From the insanely talented and heavily lauded novelist and short-story writer Ann Beattie comes another tour-de-force, Mrs. Nixon: A Novelist Imagines a Life. Part historical biography, part imaginative fiction, part writing manual, this work is so original it’s impossible to define its exact genre.
Beattie’s unique book is meticulously researched, drawing from numerous historical accounts of the former First Lady, including books by Woodward and Bernstein, old Life magazine articles and television interviews. Beattie creates introspective, revealing narratives of how Pat Nixon might have reacted to a specific incident, or what she might have thought during a specific event. She weaves in actual dialogue from the former president and his wife, so at times, the reader cannot tell what is real, or what is imagined by the author.

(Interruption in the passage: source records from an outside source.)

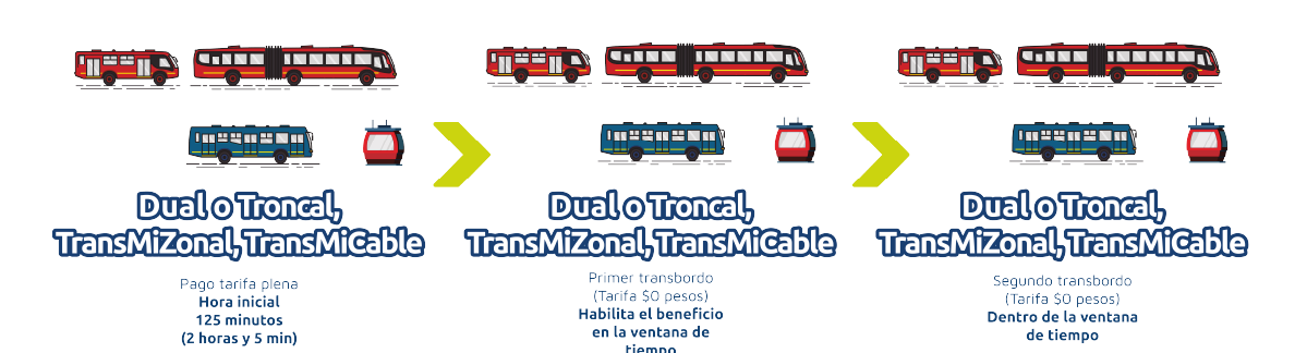 El beneficio aplicará una vez el sistema registre el primer transbordo (Tarifa $0 pesos), contando como hora inicial la validación pagada a tarifa plena (tarifa $3.200 pesos), habilitando la ventana de tiempo de los 125 minutos (2 hora y 5 minutos).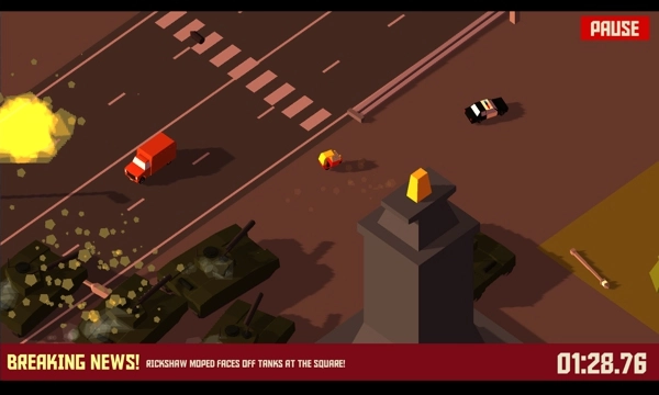 1、街机风格的快节奏玩法,3分钟一局的设定适合碎片时间。没有复杂菜单,点击即玩,死亡后立即重生继续挑战。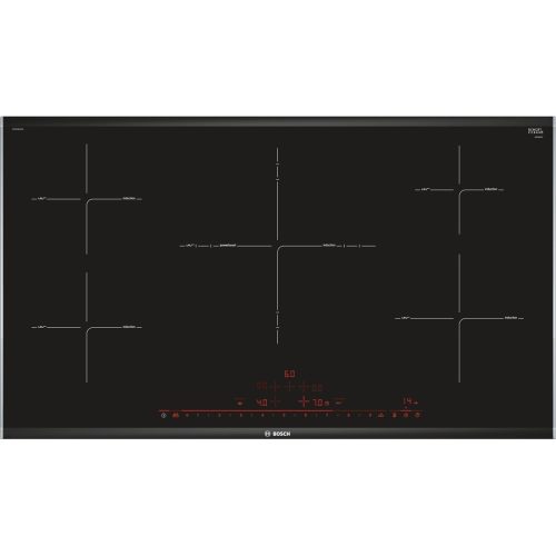 Bosch PIV975DC1E. Colore del prodotto: Nero, Posizionamento dell'apparecchio: Da incasso, Dimensione della larghezza del piano cottura: 90 cm. Tipo di controllo: Touch, Posizione di controllo: Frontale. Potenza aggregata (elettrica): 10800 W. Lunghezza cavo: 1,1 m, Larghezza del compartimento: 56 cm, Profondità di installazione del compartimento (min): 49 cm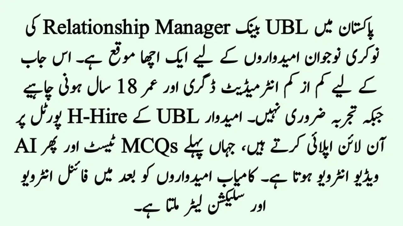 Many graduates in Pakistan want a bank job that actually pays the bills. A UBL Relationship Manager role is one possible starting point.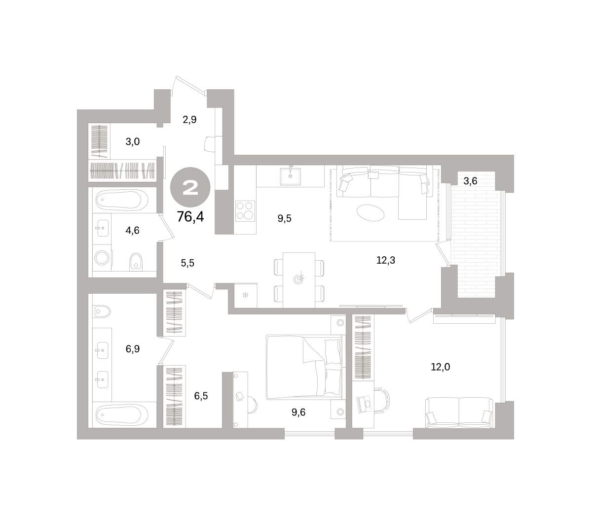 - Общая площадь 76.44 м²

Beattie seamlessly manages not only to write about an interesting public figure, but also to create an ode to the art of writing. A professor at the University of Virginia, Beattie is quick to share with her audience how she wrote this book (in the book itself!) while drawing from other writers’ work to display examples of how character is developed (a riff on Raymond Carver’s Cathedral being a particularly intriguing vignette).
One shouldn’t have to classify this book as fiction, or memoir, or nonfiction, because it stands in a category by itself. Beattie is a master at writing lines that one underlines to read again and again. For history lovers, for writers, for fans of Beattie’s work, Mrs. Nixon is a remarkable story from a writer who continues to surprise and dazzle.